What is dark matter made of?
Astronomers think it's more likely that dark matter consists of an entirely new type of matter built from a new kind of elementary particle. They are known as WIMPs (for weakly interacting massive particles), and if they exist, these particles have masses tens or hundreds of times greater than that of a proton but interact so weakly with ordinary matter that they're difficult to detect.
Who discovered dark matter?
In 1932, the Dutch astronomer Jan Hendrik Oort observed that stars in our galactic neighborhood were moving more rapidly than calculations predicted. He used the term "dark matter" to describe the unidentified mass required to cause this surge in velocity.

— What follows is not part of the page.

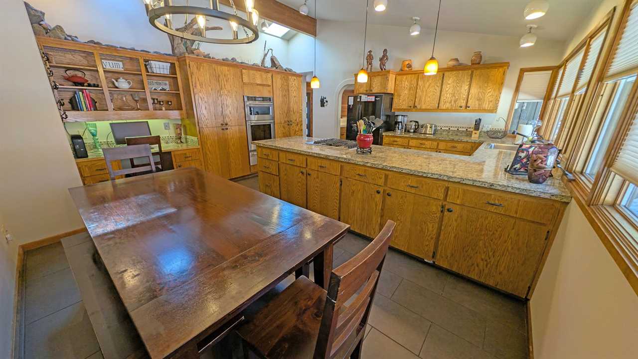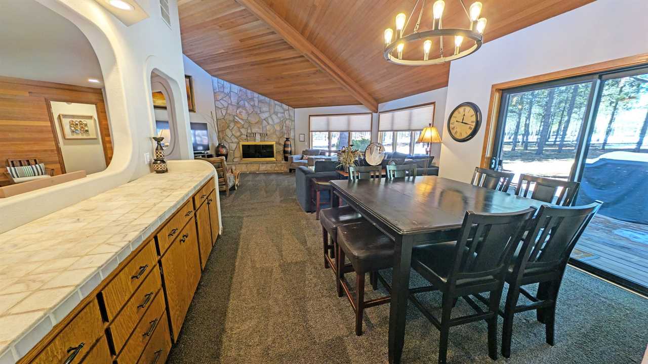 - Two dining spaces: a main dining table and a pub-height dining/game table

How did scientists discover dark matter?
When astronomers began measuring the rotations of spiral galaxies in the 1950s and '60s, they made a puzzling discovery. They expected to see stars near a galaxy's center, where the visible matter is more concentrated, move faster than stars at the edge. What they saw instead was that stars at the edge of a galaxy had the same rotational velocity as stars near the center.
What is dark energy?
Recent observations of the motions of distant supernovae suggest that the universe's rate of expansion is actually accelerating. What causes this acceleration is unknown, but it has been called dark energy. NASA says dark energy makes up a whopping 72 percent of the universe.
Where is the dark matter?
Astronomers think that dark matter can be found in and between galaxies, with more concentrated in a galaxy's central region.